HarperCollins is also set to deliver an Irish one-two punch this year. First comes the trade paperback reprint of Emerald Germs of Ireland (HarperPerennial, Mar.), an idiosyncratic, humorous tour of smalltown Irish life by Butcher Boy author Patrick McCabe, followed by the hardcover of Marian Keyes's Angels (Morrow, June), which introduces Margaret Walsh, sister of Rachel and Claire, who were featured in Keyes's previous books. "Angels is our fifth book with Marian, but it's especially exciting because it's her first novel set mainly in the United States," reported Morrow v-p and executive editor Jennifer Hershey. The house plans a 50,000 first printing and will issue repackaged editions of Keyes's previous paperbacks.

The season's other established authors include county Waterford native Annabel Davis-Goff, whose This Cold Country (Harcourt, May) focuses on the changing world of an Anglo-Irish family during World War II. Davis-Goff will support the 35,000-copy first printing with an East Coast reading tour. Veteran Irish writer John McGahern also returns—after 10 years—with By the Lake(Mar.), a tale of life in a contemporary Irish village that Knopf will launch with a 20,000-copy first printing.
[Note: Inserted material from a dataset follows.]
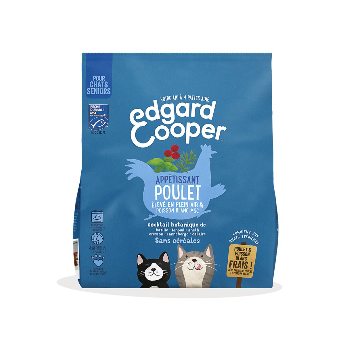 Une nourriture délicieuse et faible en calories cuisinée avec du poulet et du poisson blanc certifié MSC frais. Nous fabriquons cette recette en utilisant un max de poulet élevé en plein air de sources éthiques et du poisson blanc certifié MSC. Cela veut dire pas de farines de viande ou de poisson et rien d’artificiel, de transformé ou de séché. Nous associons ces ingrédients riches en protéines à un mélange sain et alléchant de baies, d’herbes et de végétaux. Nous cuisons lentement nos croquettes pour préserver leurs saveurs et leurs bienfaits naturels, et nous y ajoutons des prébiotiques, de l’huile de saumon et de lin pour améliorer leurs qualités nutritionnelles et faciliter la digestion. Cette recette contient également de la glucosamine et de la chondroïtine, bénéfiques pour la santé des articulations, et de la taurine, un nutriment essentiel pour les yeux et le cœur. Pour qui ? Cette recette est parfaite pour les chats âgés (ou les chats au régime). Le poulet et le poisson blanc sont riches en protéines et pauvres en calories, ce qui signifie qu'ils fournissent une alimentation adaptée aux chats moins énergiques. Les chats sont carnivores, c'est pourquoi toutes nos recettes sont faites avec au moins 60 % de viande ou de poisson. Cette recette ne contient pas de céréales et convient aux chats stérilisés. Convient aux chats seniors stérilisés ou actifs de toutes races. Points forts de la marque De la viande fraîche et des ingrédients naturels Sacs biodégradables d'origine végétale et boites recyclables 10% des bénéfices reversés à des associations Ethical Award Composition poulet frais 30 %, poisson blanc frais MSC 30 %, patates douces, pois, protéine de pois, sauce à base de poulet, graisse de poulet, graine de lin, minéraux, huile de saumon, manno-oligosaccharides (MOS), fructo-oligosaccharides (FOS), basilic 0,03 %, aneth 0,03 %, airelles 0,03 %, fenouil 0,03 %, cresson 0,03 %, cataire 0,03 %, glucosamine, sulfate de chondroïtineSpécifications techniques

In paperback, Penguin adds two Irish-born novelists to the roster: a reprint of last year's After You'd Gone by Maggie O'Farrell (Mar.), which PW described as "a moving portrait of a young woman's journey toward a life-threatening crisis," and a paperback original, The Crooked Man by Philip Davison (July). As it happens, famed Dublin novelist Roddy Doyle introduced Viking senior editor Caroline White to Davison's work. "His three novels, which are literary thrillers, all feature the same protagonist," said White. "A British reviewer called Philip a cross between Henry Green and Graham Greene, which I think is great." The second novel in the series, McKenzie's Friend, will be published sometime next year.
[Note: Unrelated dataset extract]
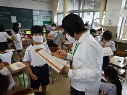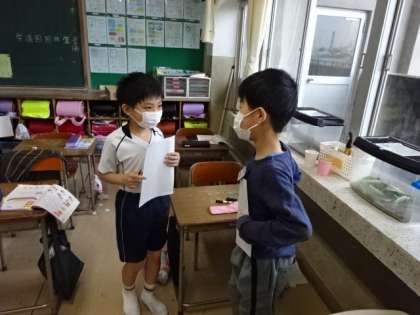 好きな漢字は(3年生) 公開日 2021/05/27 更新日 2021/05/27 3年生 外国語活動の時間には、好きな漢字を紹介し合う活動をしました。その漢字の画数を英語で伝え、画数から予想して相手に答えてもらいました。 楽しくコミュニケーションをとりながら、1〜20までの数に慣れ親しんでいました。

The season's other reprints include Anchor's lead title for February, Under the Banyan Tree by Christopher Nolan, who won the Whitbread Book of the Year Award in 1987 for his bestselling memoir Under the Eye of the Clock. Crippled at birth when his oxygen supply was cut off, Nolan is confined to a wheelchair and writes on his computer with the help of his "magical unicorn," an attachment he wears on his head that allows him to punch out his books on a keyboard. In June, Plume will reprint Someone Like You by Cathy Kelly, a number one bestselling author in Ireland and the U.K. who probes the lives of three women who become friends at a critical juncture. "It's a book Maeve Binchy fans can give to their nieces," said Brant Janeway, director of marketing and publicity. "We've repackaged it for a younger audience with a hipper design, and we're very aggressively going after media and reviews."